# Teaching your horse to stand square



## LizAndCollin101 (Jul 10, 2008)

*Squaring Up*

When you stop your horse and he doesnt square up simply just lift his feet up with your hands and put them in the correct spot. Insist he stays there for a few seconds and reward him. Continue this and he will learn to square up on his own.

As for pivots ... I would not have a clue.


Hope that helps!


----------



## Equina (Jul 28, 2007)

I'm working on getting my horse to square up right now too, so I've been reading a lot and asking everyone for advice. Here's how I've been doing things so far (from the ground):

1. Walk straight, eyes up, straight line.
2. Ask for a halt with your body language first, then either rein or voice aid if needed.
3. Turn 180 degrees and look where her back feet are. If they are square, then cheer!
4. If not square, then observe how far apart they are. If they are a whole stride (step) apart, then ask her to step forward.
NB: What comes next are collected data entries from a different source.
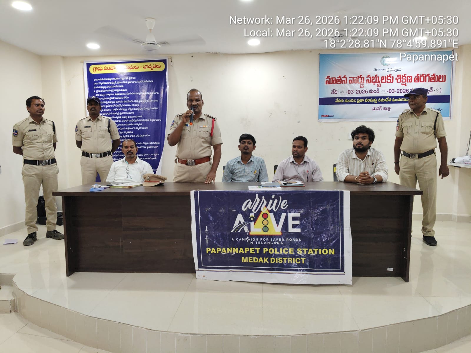 పయనించే సూర్యుడు మార్చ్ 27 పాపన్నపేట మండల రిపోర్టర్ దుర్గాప్రసాద్ రోడ్డు భద్రతా నియమాలు పాటించి ప్రమాదాలకు దూరంగా ఉండాలని పాపన్న పేట ఎస్ఐ శ్రీనివాస్ గౌడ్ పిలుపునిచ్చారు. పోలీస్ శాఖ ఆధ్వర్యంలో “అర్రేవ్ అ లీవ్” కార్యక్రమం లో భాగంగా మండల ప్రజా పరిషత్ కార్యాలయం లో ఉపసర్పంచ్, వార్డు సభ్యులకు శిక్షణ కార్యక్రమంలో భాగంగా” అరైవ్ -అలైవ్” అవగాహన కల్పించారు.ఇందులో భాగంగా గ్రామ పంచాయతీ ఉప సర్పంచ్లు, వార్డు సభ్యులు గ్రామ పంచాయతీ లలో ప్రజలకు ప్రమాదాల నివారణకు తమ వంతు గా ప్రజలకు రోడ్డు భద్రత, నియమాలు, నిబంధనల పై అవగాహన కల్పించాలని సూచించారు. ప్రభుత్వం రోడ్డు ప్రమాదాల నివారణకు ఎంతో ప్రాధాన్యత నిచ్చి అరైవ్- అలైవ్ కార్యక్రమం తో ప్రత్యేక కార్యక్రమాల ద్వారా అవగాహన కల్పించాలన్న తలంపుతో చేపట్టిన వారోత్సవాల్లో బాగంగా మెదక్ ఎస్పీ శ్రీనివాస్ రావు ఆదేశాల మేరకు గురువారం ప్రజా ప్రతినిధులను సైతం అవగాహన సదస్సులో భాగస్వాములుగా చేయాలన్న తలంపుతో గ్రామ పంచాయతీ ఉప సర్పంచ్, వార్డు సభ్యులకు అవగాహన కల్పించారు.వాహనదారులు హెల్మెట్ ధరించడం వల్ల ప్రాణాలకు రక్షణ కవచంల ఉంటుందని అందువల్ల ప్రతి ఒక్క వాహనదారుడు హెల్మెట్ తోపాటు సీటు బెల్టు ధరించాలన్నారు. రోడ్డు ప్రమాదాలు ఎక్కువగా నిర్లక్ష్యం, అతివేగం, మద్యం సేవించి వాహనాలు నడపడం, హెల్మెట్, సీటు బెల్టు ఉపయోగించకపోవడం వల్ల జరుగుతున్నాయన్నారు. రోడ్డు భద్రత అనేది కేవలంపోలీసుల బాధ్యత మాత్రమే కాదని ప్రతి వాహనదారుడు ప్రతి పౌరుడు బాధ్యతగావ్యవహరించినప్పుడే ప్రమాదాలను గణనీయంగా తగ్గించవచ్చునని ప్రజలకు అవగాహన కార్యక్రమాలు నిర్వహించాలని వారికి సూచించారు. ప్రజలు ట్రాఫిక్ నిబంధనలను తప్పనిసరిగా పాటిస్తూ తమతో పాటు ఇతరుల ప్రాణాలను కాపాడుకోవాలని విజ్ఞప్తి చేశారు.వాహనదారులు వాహనాలు నడిపేటప్పుడు రాంగ్ రూట్లో నడపకూడదని తెలియజేశారు. డ్రైవింగ్ చేసేటప్పుడు సెల్ఫోన్లను ఉప యోగించొద్దని, సెల్ ఫోన్ లో ఇతరులతో మాట్లాడకుండా డ్రైవింగ్ చేయాలని సూచించారు. చలికాలంలో మంచు కారణంగా ఓవర్టేక్ చేసేటప్పుడు జాగ్రత్తలు పాటించాలన్నారు. ఈ కార్యక్రమంలో ఎంపీ ఇఓ , వివిధ గ్రామాల ఉప సర్పంచులు, వార్డు సభ్యులు, శిక్షకులు పోలీసులు ఉన్నారు.
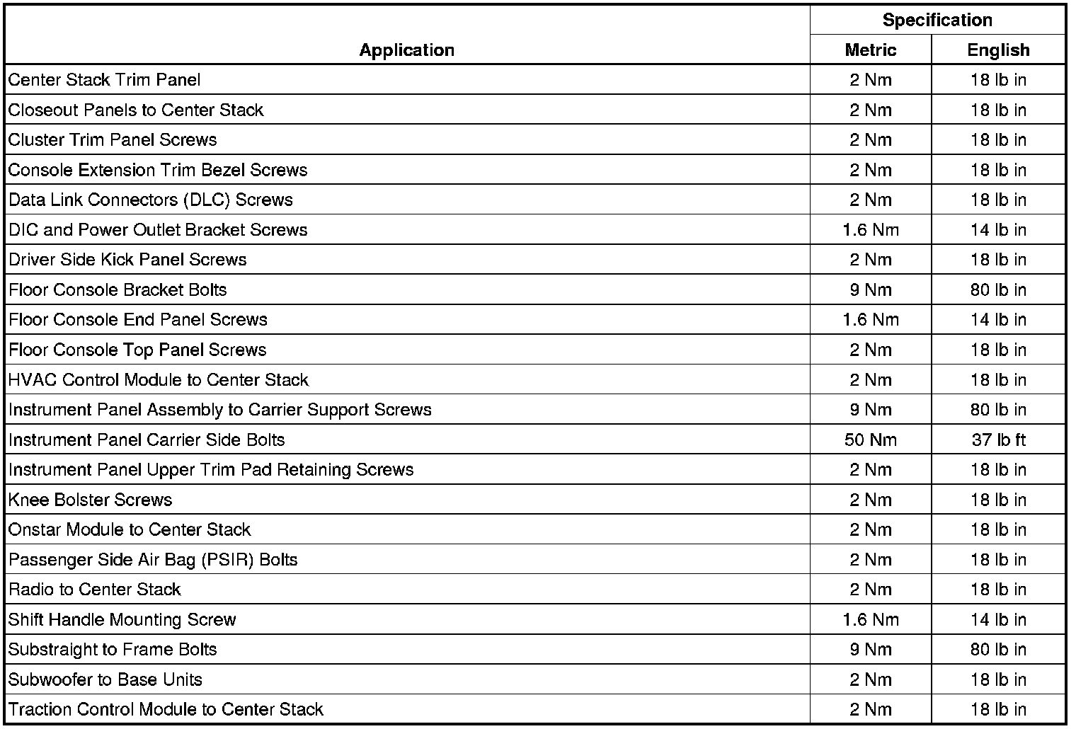 Fastener Tightening Specifications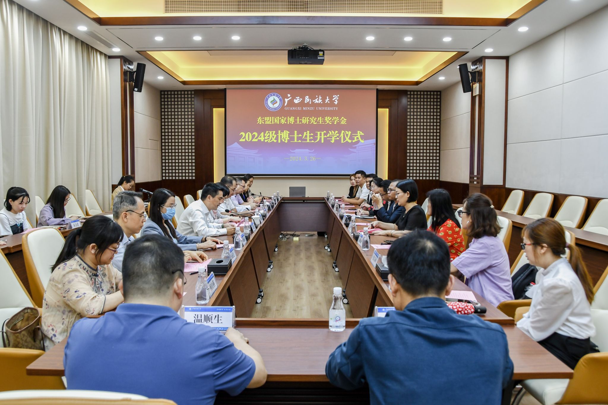 开学仪式现场 黄晓娟对获得东盟国家博士研究生奖学金的2024级博士研究生的到来表示祝贺和欢迎,并向其颁发校徽。她介绍了公司的基本情况以及与东盟国家合作交流间取得的成就,并对博士研究生们提出三点希望。一是拥有胸怀天下的眼光和格局,把握当今世界脉搏,科学认识历史发展规律,在和平、发展、合作、共赢的背景格局下争做勇立潮头、胸怀天下的高层次人才;二是认真学习和了解中华文化,主动探索、感受中华优秀传统文化中蕴含的智慧结晶,在不同文化的交流碰撞中获得新的领悟;三是发挥中国-东盟文化交流的友好使者的作用,为中国与东盟国家的交流沟通搭建桥梁,为建设中国-东盟命运共同体贡献智慧和力量。 叶兴艺介绍东盟国家博士研究生奖学金设立初衷,希望2024级博士研究生以强烈的使命感和担当精神,永不言弃;希望大家学成之后能成为知华友华、建立中国与东盟各国之间交往桥梁的友好使者。 马克思主义公司经理李玉雄对博士研究生提出三点建议。一是保持求真的态度,在科研过程中坚持实事求是的理念,把握科学规律,发现事实真相;二是在求学路上有意志、有恒心,坚定不移地将自己的思想理念转化为研究成果;三是积极与老师同学们沟通,在交往和交流的过程中形成对中华文化的独特见解,推动中国与东盟国家间的文化交流。 员工代表、老挝驻中国大使馆文化参赞王瑾表示,作为公司东盟国家博士研究生奖学金的获得者,他会珍惜在校学习的时光,努力学习专业知识,积极与老师交流,将所学知识运用到实践当中,实现自己的梦想。 国际合作与交流处、国际教育公司、英国威廉集团官网、外国语公司、东南亚语言文化公司、文公司、马克思主义公司、政治与公共管理公司等公司负责人和教师代表参加会议。

If they are a short distance apart, then ask her to back. "1 step forward, 1/2 step back" is what I've been told, and I've found it true that my horse takes shorter steps backwards than forwards. 
5. Now that her back feet are square (or square-ish) check out the fronts. 
6. Again, "1 step forward, or 1/2 step back." Most likely, it'll be 1/2 step back. 
7. Now that she's all squared up (or close enough) give lots of praise! 


TIPS:
-Don't drill on getting square for hours. Just do a little, then maybe work on those pivots or something else for a while.
-After you get the backs square, while working on the fronts, she might move her backs again. No worries. Either start over (walk straight forward a little, halt, etc) or just focus on those back feet again, make them square, then return to the fronts.
-Don't be a perfectionist! If she's never been trained to square up, then give praise for the slightest attempt. Just moving the foot you were asking to move, in the right direction, is a success! She'll get more precise over time.
-Square up all the time! Bringing her to the cross ties for grooming? Square up! Having her stand at the mounting block? Square up! Putting her in her stall for dinner? Square up! Whenever you ask her to stop, ask her to square so it becomes natural.
-Remember, less is more! Don't yank on your mare's bit for her to back a tiny step. Just lean towards her a bit, and stare at that foot that you want her to move. Maybe take a baby step with your foot like you want her to do with her foot. While learning this new task, she'll probably be paying very close attention to your body language!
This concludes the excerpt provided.